A common future. Do we have one?

Australians have investigated 142 countries to check the value of carbon pricing.

Australia is not pricing carbon to reduce emissions. Neither is America.

New Zealand is committed to carbon neutrality by 2050.

What are other countries doing? How are their citizens voting? What are they being encouraged to do to reduce emissions? Consider the information below.

This photograph of a coal-powered station in Germany was chosen by students to encourage the government in Singapore to move to clean energy. The Singapore News & Top Stories – The Straits Times used this photograph to lead an article entitled ‘Go fossil-fuel free’.
Did a Singapore government legislate to reduce emissions? Does it have carbon pricing? Is it one of the 142 nations Australian researchers investigated?

Our public ABC Radio National’s Future Tense’ has provided us with this information.

Australian researchers have done the maths.

The truth about carbon pricing and how to capture CO2. ON Future Tense with Antony Funnell

‘Does carbon pricing work? It’s long been a contentious issue, but Australian researchers have crunched the data from 142 countries and now have what they reckon is the definitive answer. Also, are group purchasing plans the way to fund future renewable energy needs? And, the California research that could give new life to carbon, capture and storage.’ 29mins 7secs. Sun 23 Aug 2020, 10:30am. Sun 30 Aug 2020, 10:30am

This is Australia’s story as I see it. What are the stories in the northern hemisphere?

In 1988 the United Nations published the Brundtland Report. ‘It was the result of the deliberations of an impressive panel of international experts chaired by the Prime Minister of Norway and convened as the World Commission on the Environment and Development.
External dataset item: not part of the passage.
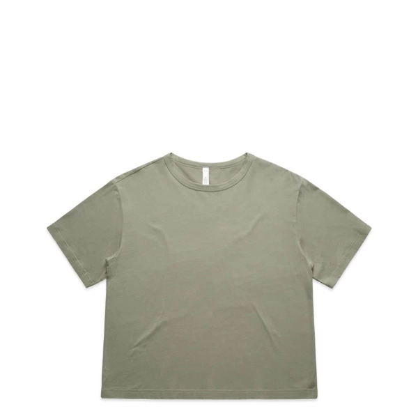 Bound collar, boxy fit, hem splits at side seams, double needle hem, pre-shrunk to minimise shrinkage

It ought to be compulsory reading for every educator in the world.’ That statement was made by the late Professor Hedley Beare, Professor of Education, University of Melbourne, in The Curriculum for the 1990s. A New Package or a New Spirit?’ published by the Australian College of Education, 1989. It required STEAM at least. Not this 2020 separation of STEM from HASS. Hedley Beare wrote: ‘Since the Earth is a living entity. The Earth can become sick.
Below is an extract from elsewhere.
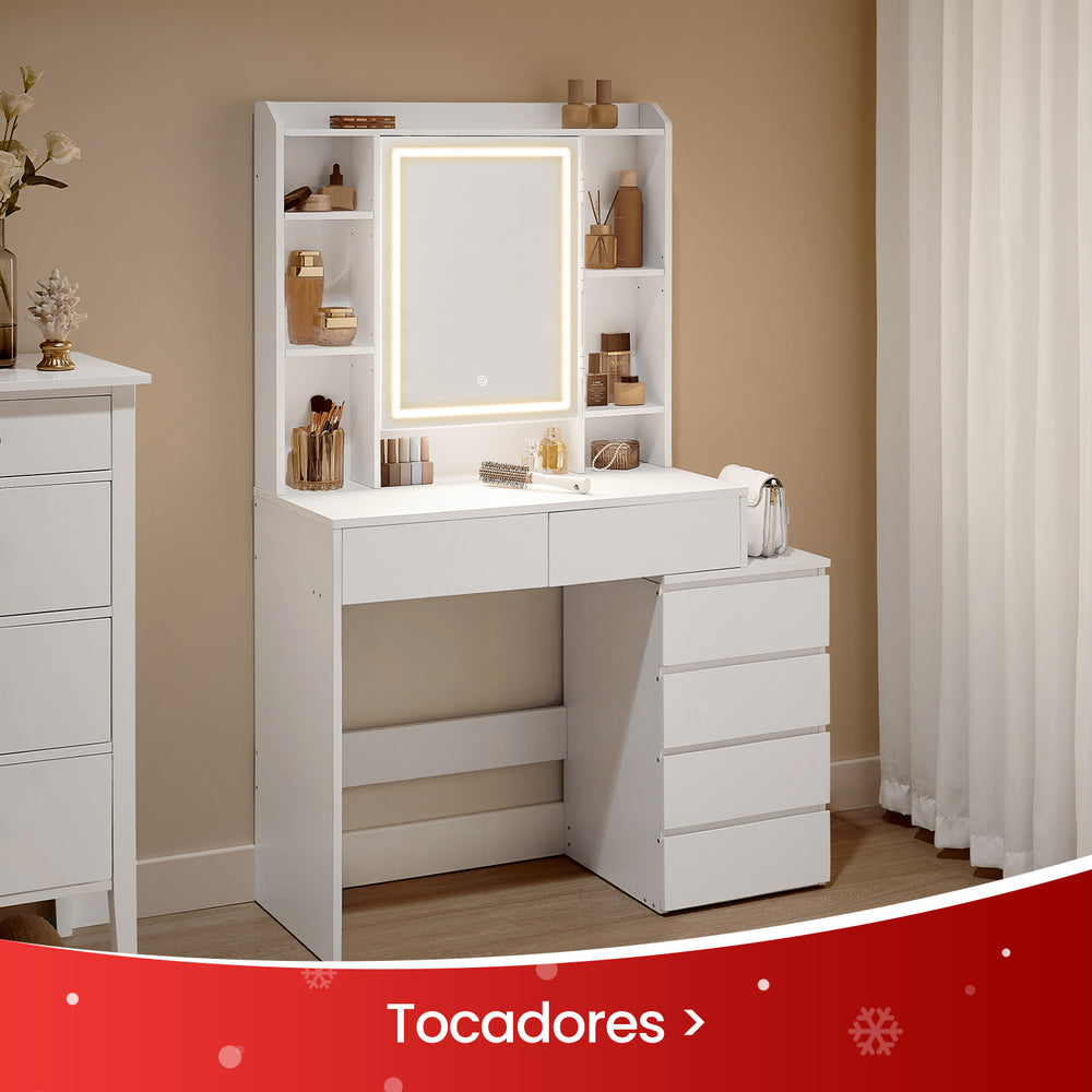 VASAGLE Tocador Luces LED con Brillo Ajustable Mesa de Maquillaje con Espejo Blanco

He went on, quoting the Brundtland Report: ‘Most of today’s decision-makers – it was 1988 – will be dead by the time Earth feels the full impact of illnesses like: acid precipitation, global warming, ozone depletion, or wide spread desertification and species loss. In 2020 we feel it happening. Still, we have corporations, governments ignoring the evidence.

Australian climate change policy to 2015: a chronology.
In 1976 the Australian Academy of Sciences reported – ‘human activities are likely to contribute to warming.’ In 1979 the first International Conference on climate change was held. In 1989 Hedley Beare was encouraging educators to face the future needs of our young people. Brundtland saw young people, in 1988, as needing to lead the charge. How old ARE they now? It is the adults who do the voting!
Australia had a Hawke Labor government From 1984. In 1989 it considered emissions targets. In 1990 we adopted the Toronto Target. In 1992 the government set up the National Greenhouse Response Strategy (NGRS), endorsed by every State in the Federation. In 1994, Australia met its first commitment to the UN Framework Convention on Climate Change – the UNFCCC. [Remember this. Corporations, not wanting to change, had the language softened from the more urgent sound of ‘global warming’.]

Then came 1996 and the influence of climate deniers in the media. Finally, we established a carbon price mechanism from 2010 to 2012. [The Coalition government was defeated in 2007.] ] Our emissions were going down! Then came 2013 and according to the new Australian Prime Minister, ‘climate change [was] crap’. Our human contributions to climate change were rejected. In 2020, we have a Coalition government opening the door to oil and gas exploration in and near the Ningaloo Reef and near Sharks Bay, a World Heritage site on the coast of Western Australia. And there’s logging. This Federal government is talking about a gas-led, fossil fuel so-called ‘transition’, not aiming for zero emissions by 2050! Nor is it willing to establish the independent, national environmental protection authority, as advised in Graham Samuel’s interim report, to save Australia’s fire, drought and flood ridden, fragile environments from State and /or Federal politicking and corporate profiteering. NOW – Australia’s National Farmers’ Federation wants a climate policy!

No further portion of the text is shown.